WHAT TO WORK ON: From the entries below, print exactly the span beginning with the line holding "Body Control Schematics: Rear" and ending with the line holding "根据教育部和陕西省教育厅《关", endpoints included, and skip any pictures.

[Records contained in a dataset]
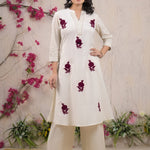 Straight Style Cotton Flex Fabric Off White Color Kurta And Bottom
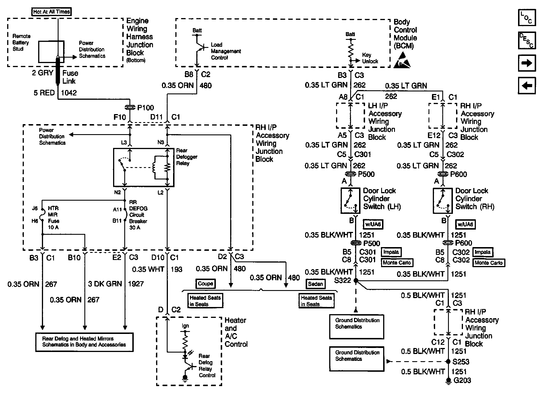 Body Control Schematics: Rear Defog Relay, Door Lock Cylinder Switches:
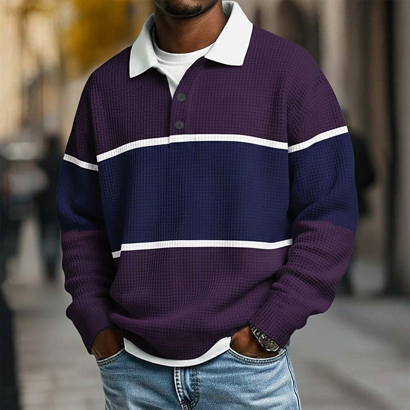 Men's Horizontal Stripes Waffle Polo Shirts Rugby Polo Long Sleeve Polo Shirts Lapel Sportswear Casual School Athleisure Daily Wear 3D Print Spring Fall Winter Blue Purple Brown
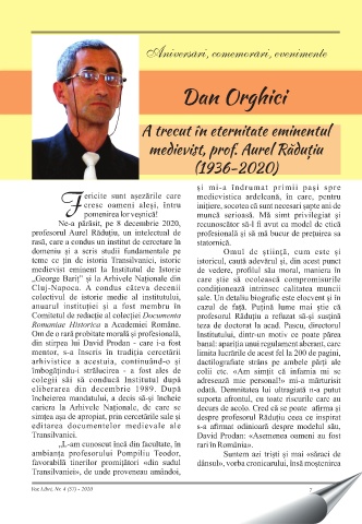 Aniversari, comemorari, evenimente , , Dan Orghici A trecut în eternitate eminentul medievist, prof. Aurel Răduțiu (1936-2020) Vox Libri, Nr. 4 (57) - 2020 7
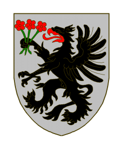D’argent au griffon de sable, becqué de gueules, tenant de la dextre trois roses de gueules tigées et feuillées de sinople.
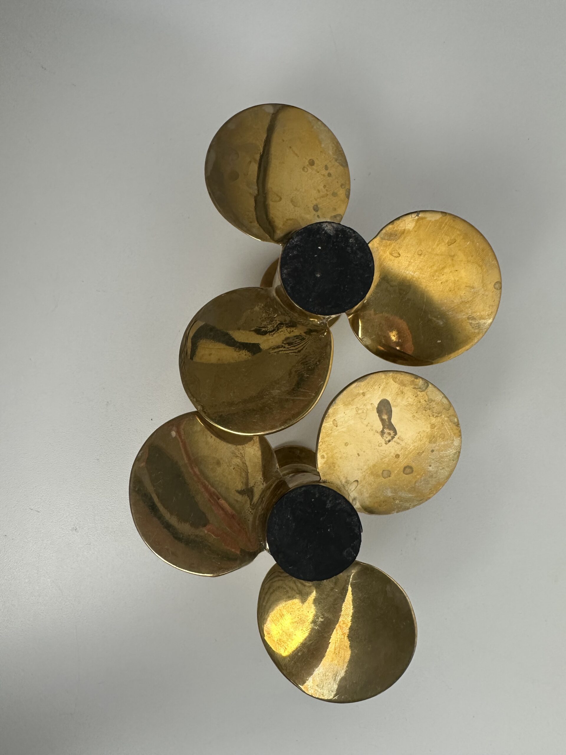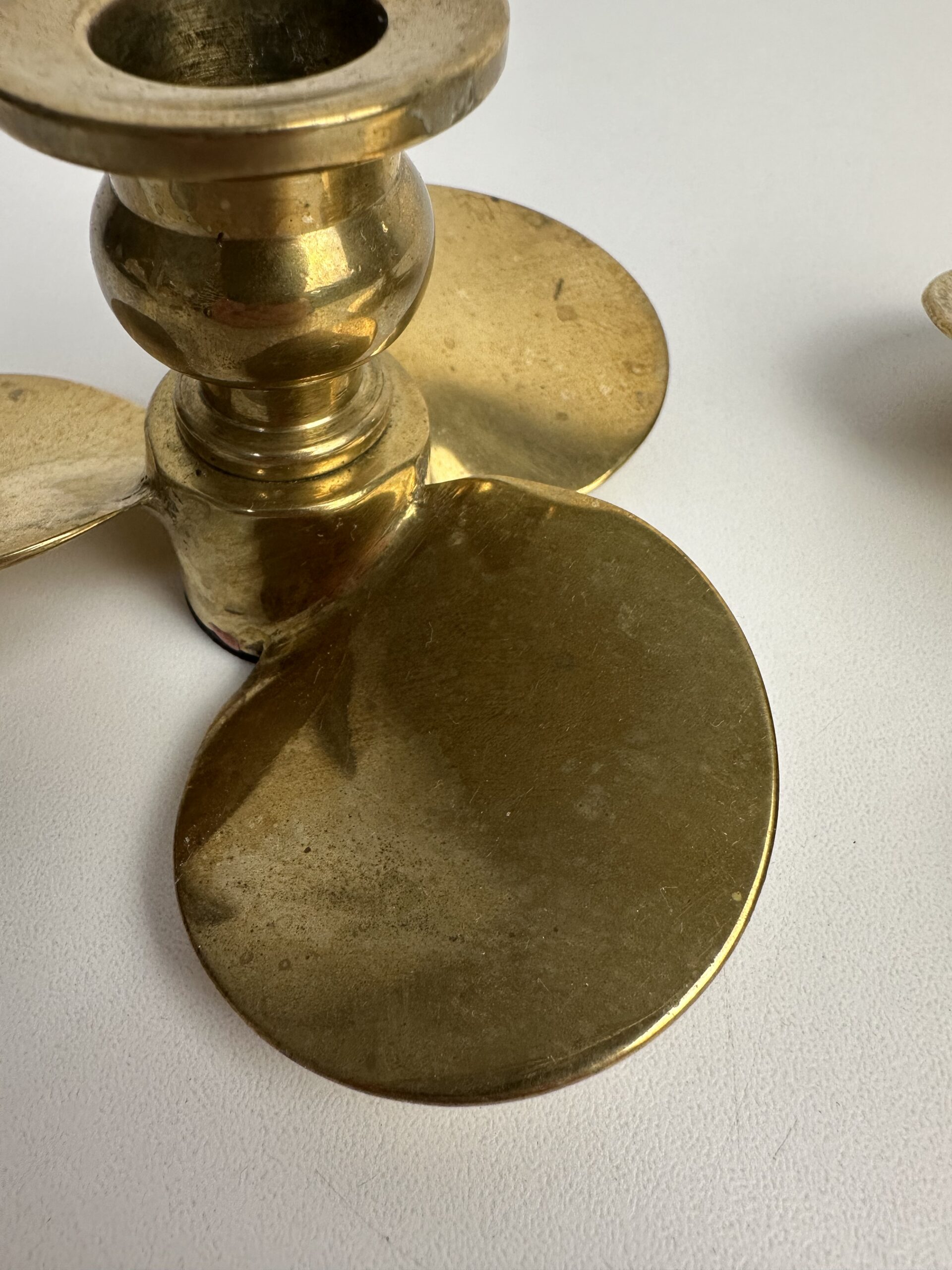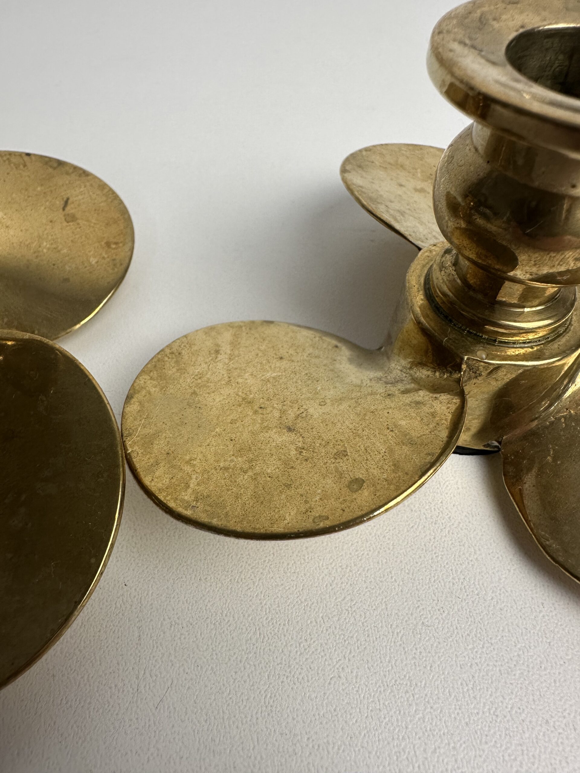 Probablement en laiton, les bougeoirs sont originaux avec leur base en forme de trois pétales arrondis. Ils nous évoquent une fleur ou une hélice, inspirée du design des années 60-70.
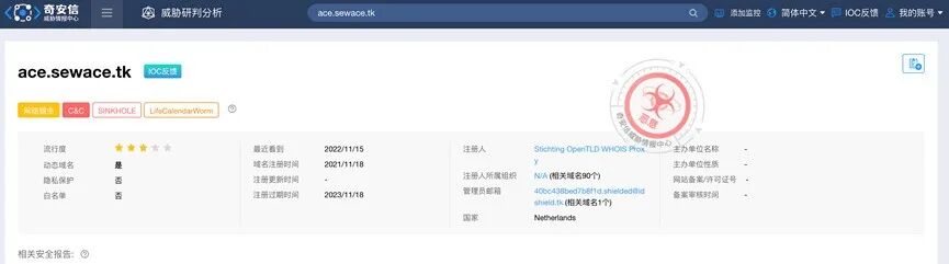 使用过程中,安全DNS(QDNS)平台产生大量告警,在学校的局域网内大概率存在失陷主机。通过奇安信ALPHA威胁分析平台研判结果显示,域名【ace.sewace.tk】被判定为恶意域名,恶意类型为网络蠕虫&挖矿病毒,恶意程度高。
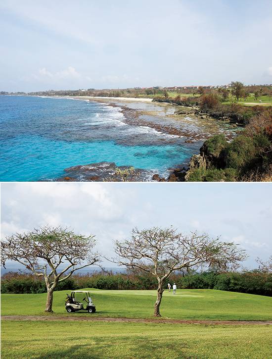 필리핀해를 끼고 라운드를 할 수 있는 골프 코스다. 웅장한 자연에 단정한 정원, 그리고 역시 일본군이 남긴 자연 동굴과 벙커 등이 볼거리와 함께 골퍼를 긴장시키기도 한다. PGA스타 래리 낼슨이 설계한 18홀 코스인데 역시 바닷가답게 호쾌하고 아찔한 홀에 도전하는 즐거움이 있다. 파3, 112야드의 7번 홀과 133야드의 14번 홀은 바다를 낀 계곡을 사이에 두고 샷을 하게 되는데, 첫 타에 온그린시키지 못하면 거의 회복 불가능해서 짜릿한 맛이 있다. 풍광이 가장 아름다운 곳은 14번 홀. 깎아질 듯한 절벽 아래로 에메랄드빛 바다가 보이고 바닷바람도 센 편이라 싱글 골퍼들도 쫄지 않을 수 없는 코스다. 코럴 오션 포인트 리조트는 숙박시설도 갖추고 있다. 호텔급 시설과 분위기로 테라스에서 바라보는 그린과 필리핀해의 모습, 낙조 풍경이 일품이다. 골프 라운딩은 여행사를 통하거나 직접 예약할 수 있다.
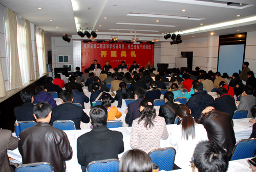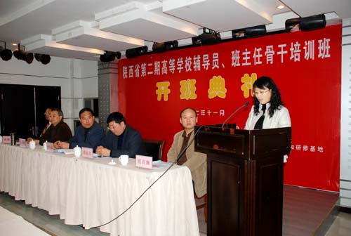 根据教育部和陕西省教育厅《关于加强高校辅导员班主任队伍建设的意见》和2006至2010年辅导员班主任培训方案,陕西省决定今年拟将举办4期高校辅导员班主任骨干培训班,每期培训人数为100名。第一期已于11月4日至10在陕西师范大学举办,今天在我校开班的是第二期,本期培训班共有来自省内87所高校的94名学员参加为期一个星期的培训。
==
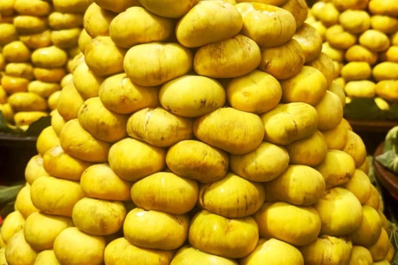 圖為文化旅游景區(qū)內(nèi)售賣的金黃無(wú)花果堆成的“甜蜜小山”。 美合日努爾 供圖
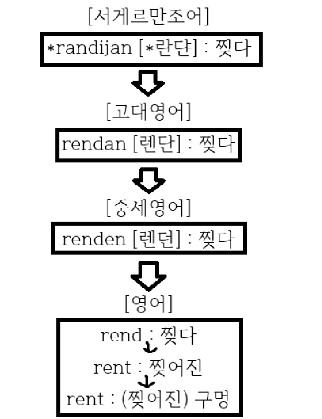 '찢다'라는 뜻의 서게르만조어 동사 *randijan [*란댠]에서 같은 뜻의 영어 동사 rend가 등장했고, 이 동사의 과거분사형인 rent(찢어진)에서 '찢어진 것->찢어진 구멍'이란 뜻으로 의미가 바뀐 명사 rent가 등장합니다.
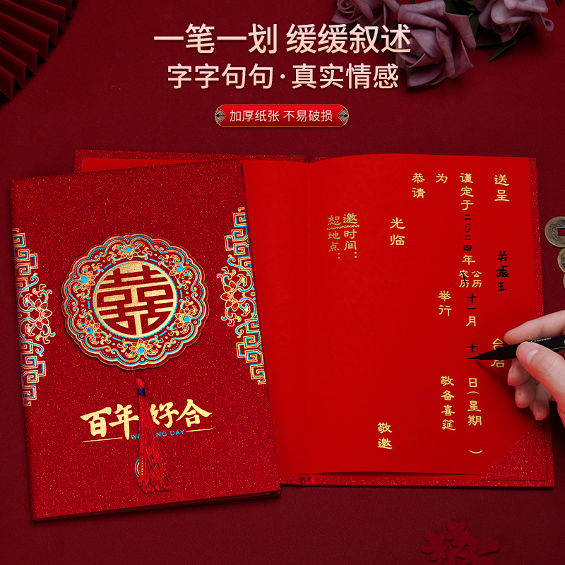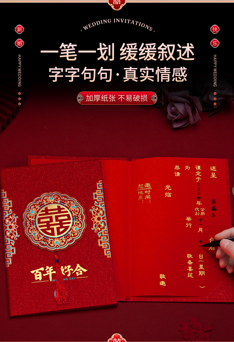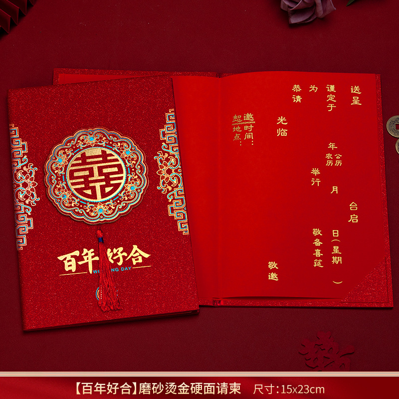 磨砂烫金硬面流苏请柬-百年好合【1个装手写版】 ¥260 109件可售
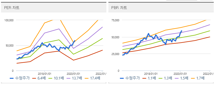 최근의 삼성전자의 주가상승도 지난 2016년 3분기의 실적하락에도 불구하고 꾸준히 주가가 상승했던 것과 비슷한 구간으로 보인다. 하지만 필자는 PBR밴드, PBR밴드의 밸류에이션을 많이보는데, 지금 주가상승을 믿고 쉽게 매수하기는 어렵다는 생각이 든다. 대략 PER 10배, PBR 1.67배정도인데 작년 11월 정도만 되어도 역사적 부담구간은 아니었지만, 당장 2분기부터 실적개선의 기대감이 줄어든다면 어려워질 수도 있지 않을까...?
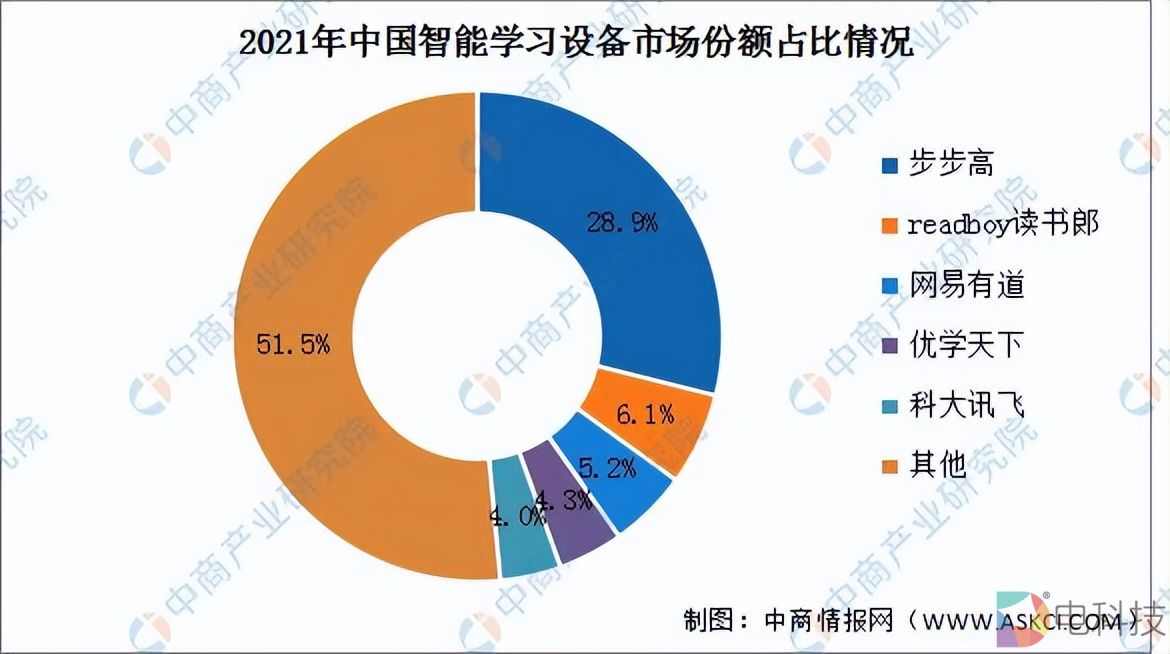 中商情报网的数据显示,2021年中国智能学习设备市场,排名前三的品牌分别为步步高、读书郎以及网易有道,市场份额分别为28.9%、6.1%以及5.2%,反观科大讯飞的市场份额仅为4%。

EXERCISE RESPONSE:
 Body Control Schematics: Rear Defog Relay, Door Lock Cylinder Switches:
 Men's Horizontal Stripes Waffle Polo Shirts Rugby Polo Long Sleeve Polo Shirts Lapel Sportswear Casual School Athleisure Daily Wear 3D Print Spring Fall Winter Blue Purple Brown
 Aniversari, comemorari, evenimente , , Dan Orghici A trecut în eternitate eminentul medievist, prof. Aurel Răduțiu (1936-2020) Vox Libri, Nr. 4 (57) - 2020 7
D’argent au griffon de sable, becqué de gueules, tenant de la dextre trois roses de gueules tigées et feuillées de sinople.
 Probablement en laiton, les bougeoirs sont originaux avec leur base en forme de trois pétales arrondis. Ils nous évoquent une fleur ou une hélice, inspirée du design des années 60-70.
 使用过程中,安全DNS(QDNS)平台产生大量告警,在学校的局域网内大概率存在失陷主机。通过奇安信ALPHA威胁分析平台研判结果显示,域名【ace.sewace.tk】被判定为恶意域名,恶意类型为网络蠕虫&挖矿病毒,恶意程度高。
 필리핀해를 끼고 라운드를 할 수 있는 골프 코스다. 웅장한 자연에 단정한 정원, 그리고 역시 일본군이 남긴 자연 동굴과 벙커 등이 볼거리와 함께 골퍼를 긴장시키기도 한다. PGA스타 래리 낼슨이 설계한 18홀 코스인데 역시 바닷가답게 호쾌하고 아찔한 홀에 도전하는 즐거움이 있다. 파3, 112야드의 7번 홀과 133야드의 14번 홀은 바다를 낀 계곡을 사이에 두고 샷을 하게 되는데, 첫 타에 온그린시키지 못하면 거의 회복 불가능해서 짜릿한 맛이 있다. 풍광이 가장 아름다운 곳은 14번 홀. 깎아질 듯한 절벽 아래로 에메랄드빛 바다가 보이고 바닷바람도 센 편이라 싱글 골퍼들도 쫄지 않을 수 없는 코스다. 코럴 오션 포인트 리조트는 숙박시설도 갖추고 있다. 호텔급 시설과 분위기로 테라스에서 바라보는 그린과 필리핀해의 모습, 낙조 풍경이 일품이다. 골프 라운딩은 여행사를 통하거나 직접 예약할 수 있다.
 根据教育部和陕西省教育厅《关于加强高校辅导员班主任队伍建设的意见》和2006至2010年辅导员班主任培训方案,陕西省决定今年拟将举办4期高校辅导员班主任骨干培训班,每期培训人数为100名。第一期已于11月4日至10在陕西师范大学举办,今天在我校开班的是第二期,本期培训班共有来自省内87所高校的94名学员参加为期一个星期的培训。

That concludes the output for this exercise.